──────── Provided data

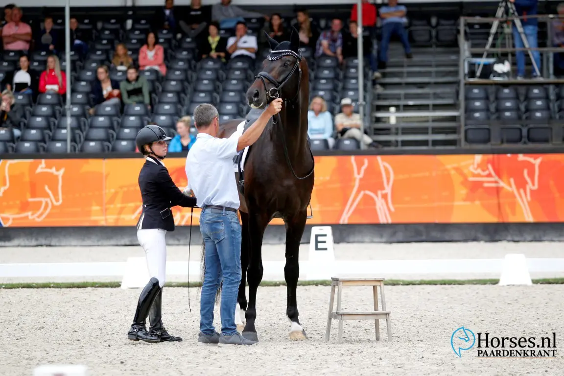- Dat Jameson RS2 (v. Blue Hors Zack) nog weinig gezien heeft werd wel even duidelijk bij het wisselen van de ruiters. Hier is hij weer veilig vast aan het touw van de R van RS2 Dressage, Robin van Lierop. Foto: Melanie Brevink-Van Dijk
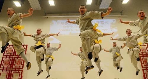 Disciples of China's famed Shaolin Temple perform at the opening ceremony of the 2012 European Shaolin Culture Festival in Berlin, Germany, Sept. 7, 2012. Shaolin Kungfu Test Conference, photo show of Shaolin culture and some other events will be held during the festival.
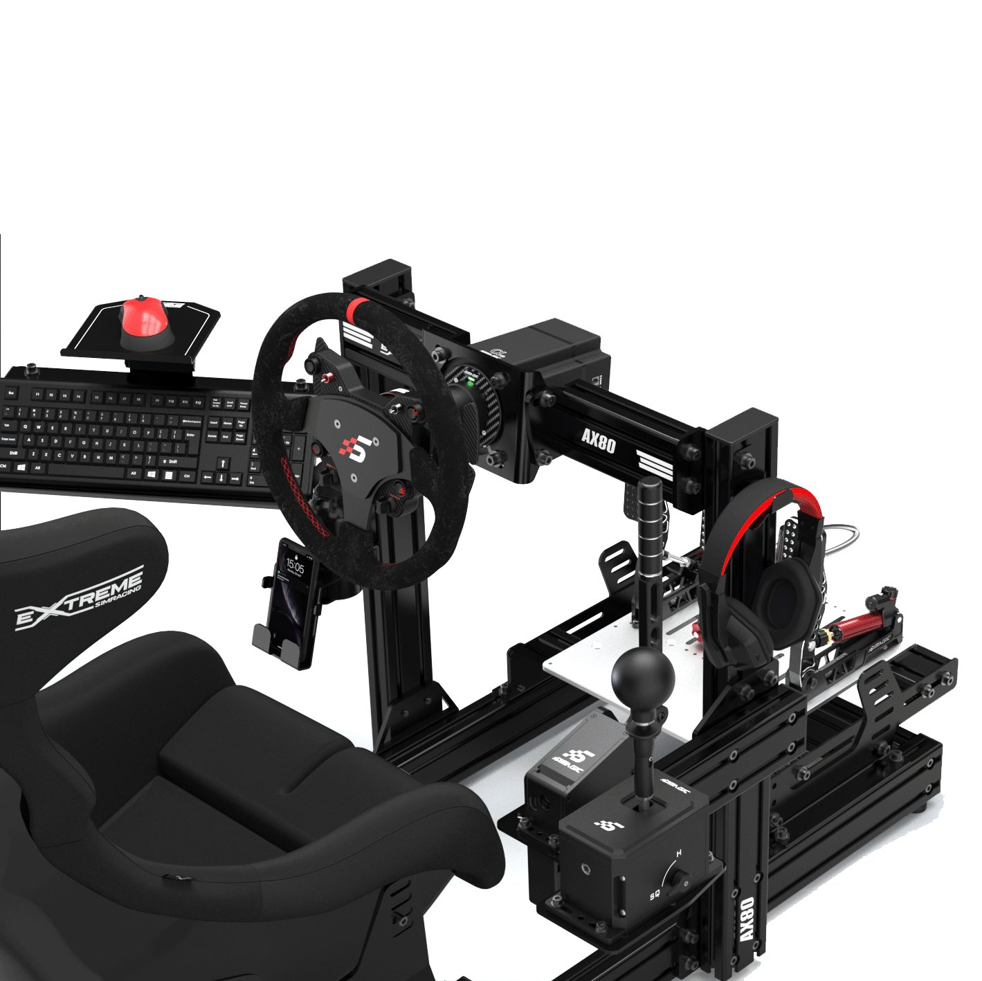 AX80 Modular Racing Simulator: Premium Quality Parts and Accessories for Endless Customization. Upgrade with multi-screen options, reinforced gearshift and handbrake, integrated keyboard tray, and over 11 seat models. Achieve the ultimate organized and high-performance driving setup.
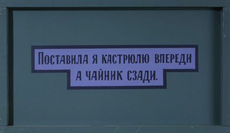 Серия «Комната № 22» у Пивоварова представляет собой концептуальный альбом, в котором рисунки соседствуют с надписями. Каждую сцену повседневной жизни (вкручивание лампочки, чай у окна, злобная морда в платке и т. п.) сопровождает подпись–фраза. Часть листов в альбоме ее содержит ничего, кроме текста, именно их я и рассматриваю в исследовании.
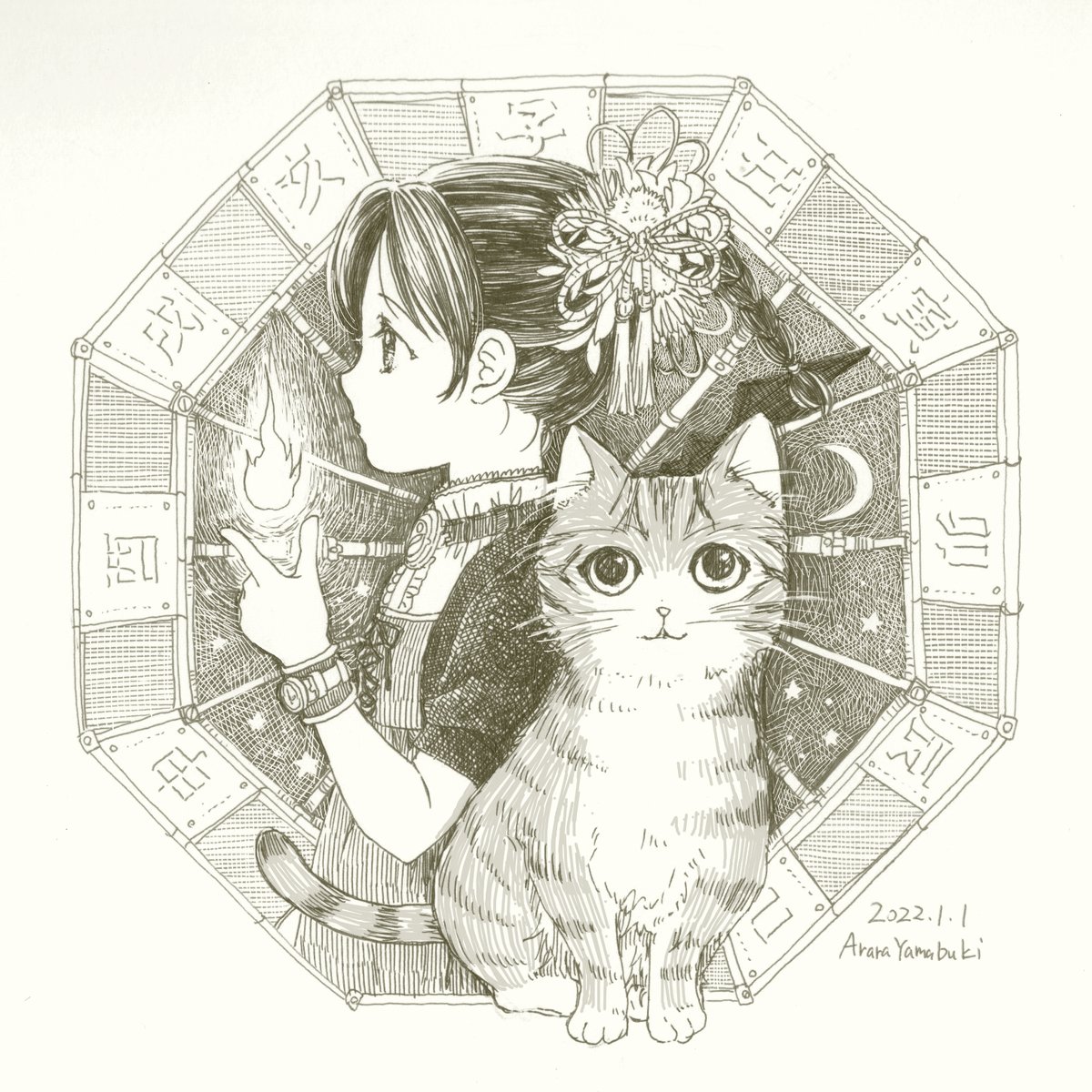 あけましておめでとうございます。 2022年1月1日 トラ猫と少女。 #art #illust #illustration #illustrator #drawing #アート #イラスト #イラストレーター #イラストレーション #アナログイラスト #アナログ絵 #ペン画 #ボールペン #ボールペン画 #ballpointpen #ballpointpenart
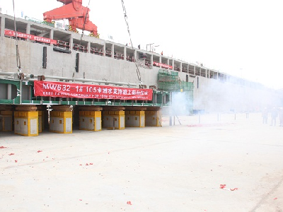 馬尾造船首制105米潛水支持船成功進塢搭載
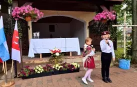 Przy pomniku upamiętniającym wydarzenie, w imieniu społeczności szkolnej, wiązankę kwiatów złożyli uczniowie: Jakub Mulka, Franciszek Waliński, Wiktor Bartoszewicz.
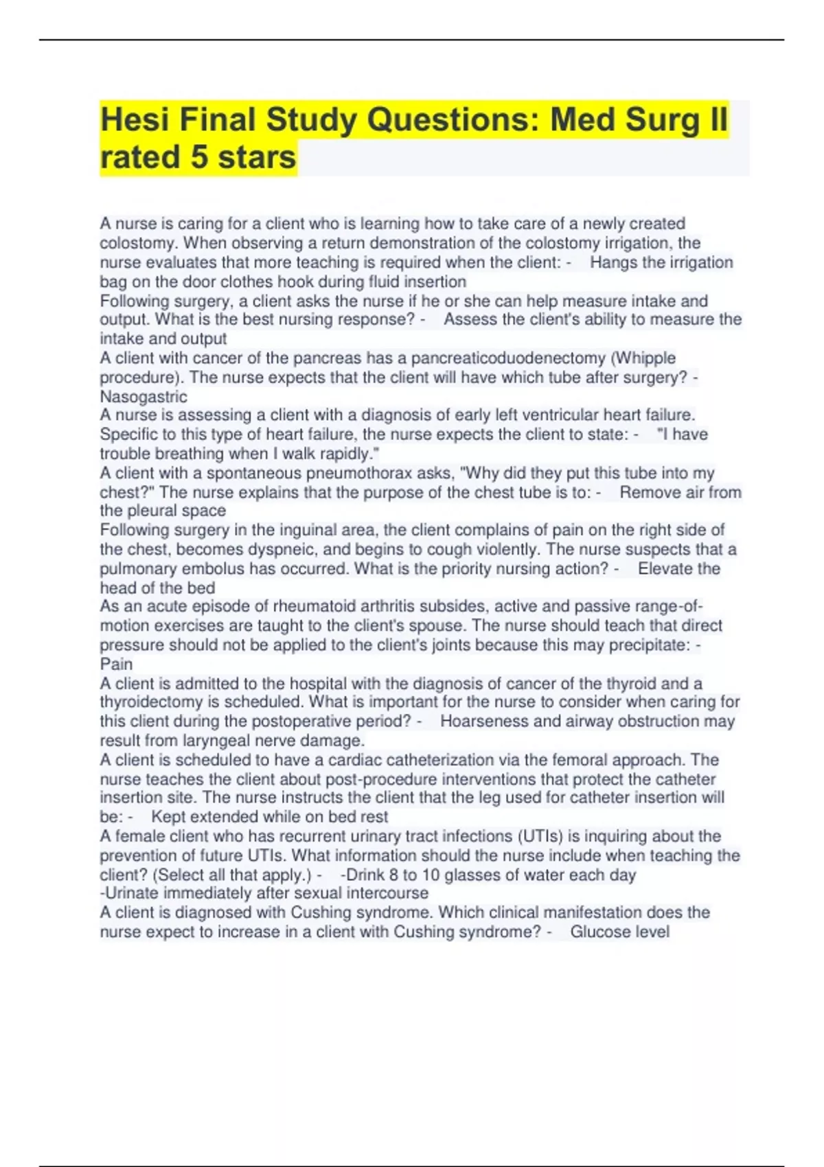 MED SURG HESI EXAM QUESTIONS WITH All Answers Verified Correct 2 Exam (elaborations) Exit HESI Test Bank (answered) spring 2023. 3 Exam (elaborations) 2022-23 Med-Surg HESI Practice Questions verified downloads 4 Exam (elaborations) Med-Surg II HESI Test Bank questions and answers verified 100%
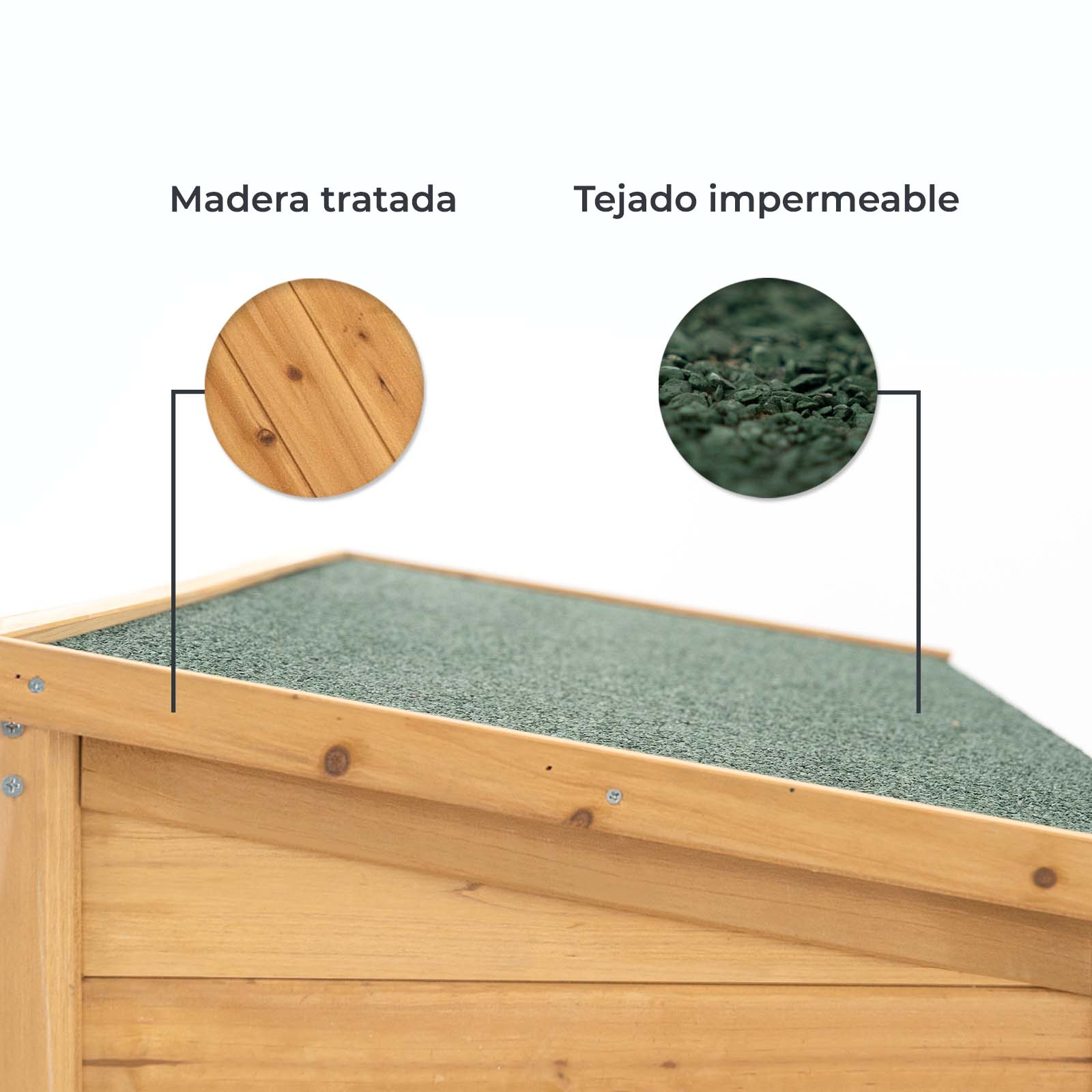 Este armário de jardim em madeira de pinho tratada com 2 camadas de tinta à base de água foi concebido para lhe oferecer um amplo espaço de arrumação com duas zonas distintas. Uma delas tem prateleiras para facilitar a arrumação dos seus objetos. Tem duas portas articuladas e o seu teto é impermeabilizado com uma chapa asfáltica repelente de água. O seu estilo rústico dará um toque acolhedor e caseiro ao espaço exterior onde o colocar.

────────────────

- Your instructions -
Here the lines from the one with "馬尾造船首制105米潛水支持船成功進塢搭載" through the last line of the data above need to be repeated exactly, both included, and any picture omitted.

- Expected output -
 馬尾造船首制105米潛水支持船成功進塢搭載
 Przy pomniku upamiętniającym wydarzenie, w imieniu społeczności szkolnej, wiązankę kwiatów złożyli uczniowie: Jakub Mulka, Franciszek Waliński, Wiktor Bartoszewicz.
 MED SURG HESI EXAM QUESTIONS WITH All Answers Verified Correct 2 Exam (elaborations) Exit HESI Test Bank (answered) spring 2023. 3 Exam (elaborations) 2022-23 Med-Surg HESI Practice Questions verified downloads 4 Exam (elaborations) Med-Surg II HESI Test Bank questions and answers verified 100%
 Este armário de jardim em madeira de pinho tratada com 2 camadas de tinta à base de água foi concebido para lhe oferecer um amplo espaço de arrumação com duas zonas distintas. Uma delas tem prateleiras para facilitar a arrumação dos seus objetos. Tem duas portas articuladas e o seu teto é impermeabilizado com uma chapa asfáltica repelente de água. O seu estilo rústico dará um toque acolhedor e caseiro ao espaço exterior onde o colocar.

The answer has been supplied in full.